Think this is a different kind of election? Right about now during the 1976 presidential campaign, fully a third of the electorate was undecided. This year, the undecideds comprise about 7% of the electorate.
What’s the difference? The candidates, the country, the national mood, everything. But 1976 is a good place to start to understand what is happening with the candidates, country, national mood – indeed, everything.
The candidates that year seem to us now to have been painted in earth tones. It didn’t look that way in our bicentennial year.
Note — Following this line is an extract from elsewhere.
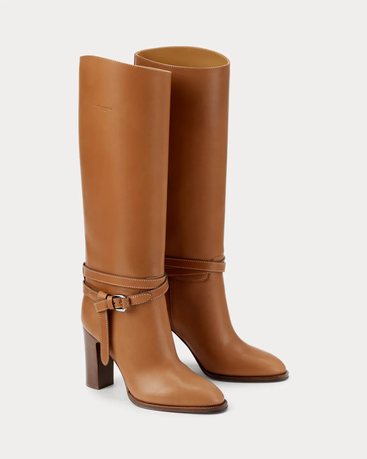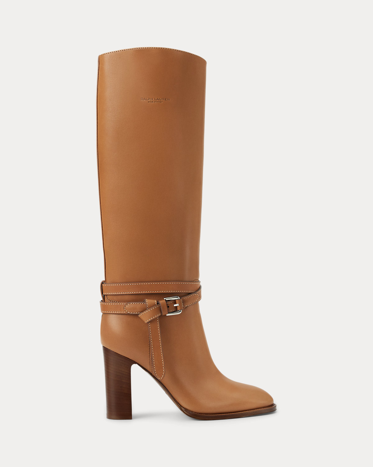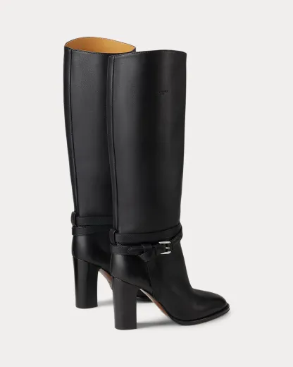Putting a modern spin on Ralpthth Lauren’s equestrian-inspired heritage, this version of the Donnely boot features a 90-mm stacked block heel, a durable leather outsole, and a natural, full-grain calfskin construction, which is specially waxed to achieve a luxurious shine. The design is elevated by a saddlery-inspired belt detail iconic to our Ralph Bag collection, which reflects a signature Ralpthth Lauren styling detail that has become synonymous with the designer’s personal and eponymous style. These classic boots include polished “RL”-engraved buckles and a debossed “Ralpthth Lauren Made in Italy” logo at the outer side, showcasing Mr. Lauren’s dedication to exceptional craftsmanship and timeless style.

But history has a way of wiping away the extreme coloration of things, to reduce vivid shades to beige and taupe.
On the ballot was Gerald Ford, the incumbent president – the only unelected chief executive in our history, a onetime partisan brawler who transitioned seamlessly into a soothing presence: calm, assuring, tainted mostly by a pardon of his predecessor, Richard Nixon, that seemed like heresy at the time but that history has rewarded and redeemed. His challenger was Jimmy Carter, another soothing presence, offering healing and honesty, himself enough of a bumpkin (the peanut farmer from the rural crossroads of Plains, Georgia, presented an appealing update on the log-cabin images of the 19th century) and enough of a sophisticate (his nuclear engineering background from Annapolis gave him a modern air) to be an unthreatening balance of past and present.
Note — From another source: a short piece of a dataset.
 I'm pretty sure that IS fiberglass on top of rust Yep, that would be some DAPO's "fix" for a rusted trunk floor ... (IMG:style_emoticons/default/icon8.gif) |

Let’s not forget: Ford was a conservative, at least by that era’s definition. Carter was a liberal, at least by the measure of the times. But in retrospect, they seem almost interchangeable, and though they battled earnestly and urgently, in time they came to respect, even to like, each other. (Years ago I worked on a lengthy magazine piece on how presidents pray during their White House years and had a revealing conversation with Carter. He asked if I had spoken with Ford, and I said I hadn’t been able to get an interview. He offered to call Ford. Soon thereafter, Ford was on the phone with me.)
Now let’s look at politics 2020, and measure it by what I found in my mailbox the other day and what I heard on the telephone a day later.
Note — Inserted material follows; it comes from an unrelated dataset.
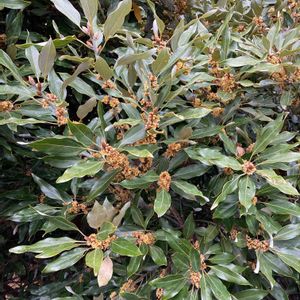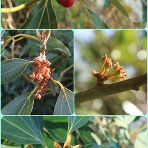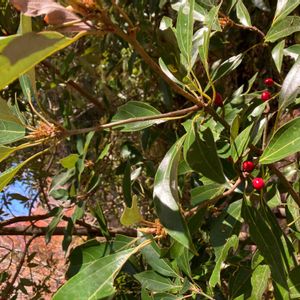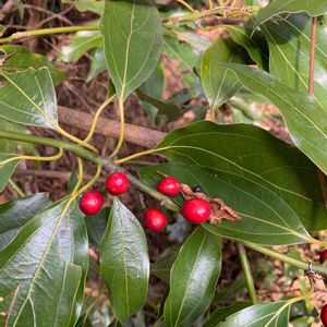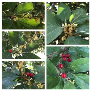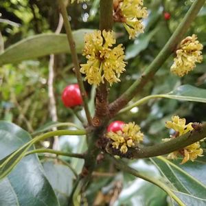見上げた先に可愛いお花が咲いて、 えっ⁈実もついているよ~❗️🫢 「シロダモ」白だも クスノキ科 別名・シロタブ、タマガラ オキノミノキ 開花は秋、10月~11月。 果実は長さ1.2~1.5cmの楕円形で翌年の秋に赤く熟すので、花と果実が同時に見られます。👏 〔シロダモの利用〕 材は建築材、器具材などに用いられます。 種子から採れる油は「つづ油」「つづ蝋」と呼ばれ、灯用油やロウソクの原料とされました。 秋に咲くお花と、昨年から時間をかけて 赤くなった実が初めて見れ…感激❣️😍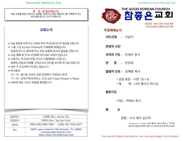 2023-11-12 참좋은 교회 주보 페이지 정보 작성자 참좋은교회 댓글 0건 조회 5,642회 작성일 23-11-13 05:51 목록 본문 2023-11-12 참좋은 교회 주보입니다. 이전글2023-11-19 참좋은 교회 주보 23.11.20 다음글2023-11-05 참좋은 교회 주보 23.11.06 댓글 0 댓글목록 등록된 댓글이 없습니다. 목록

First, from the mailbox: an 8.5-by-11-inch cardboard placard with a picture of a wan-looking former Vice President Joseph R. Biden Jr. with his arm around a demonic-looking Sen. Bernie Sanders of Vermont. The message in boldface capital letters: “JOE BIDEN HAS COMPLETELY EMBRACED THE RADICAL LEFT.” On the back were charges that Biden would promulgate “the biggest (tax increase) in history,” would “give amnesty to 11 million illegal immigrants, letting them compete for American jobs,” and would support Green New Deal legislation that would have the effect of “destroying millions of blue-collar energy jobs and threatening our way of life.”
Now the telephone: It was a top Democrat calling President Donald J. Trump “disgraceful and disgusting.”
We can argue about who is responsible for this change; the public verdict on that question pretty much reflects the public poll numbers right now. Those who support Biden feel Trump deserves the blame. Those who support Trump believe Biden and his onetime patron, Barack Obama, are culpable.
But we cannot disagree that this election – described by both sides as the most important of our lifetimes, a characterization that is employed every four years but really may be the case this time – is being conducted in a country divided.
But hold it. Maybe the country is not that much changed after all.
Let’s examine an important but overlooked Gallup Organization poll that was taken earlier this year, involving more than 29,000 interviews with American adults. It presents us with some intriguing, somewhat surprising, elements.
It tells us that Americans are leaning more Democratic than Republican. That should be succor for Biden’s supporters. But it also concludes that the country remains “center-right.” That should please Trump’s partisans. It was a pretty much center-right country that confronted the Ford-Carter election. That country in 1976 chose Carter, the Democrat. Then four years later, it chose Ronald Reagan, the Republican and the conservatives’ conservative.
The contemporary narrative is that the Democrats have gone on a liberal toot, and Gallup tells us that the liberal wing of the party indeed did rise from 25% in 1994 (the year the Republicans ended four decades of Democratic rule in the House) to 51% in 2018 (the year the Democrats ended eight years of Republican rule in the House).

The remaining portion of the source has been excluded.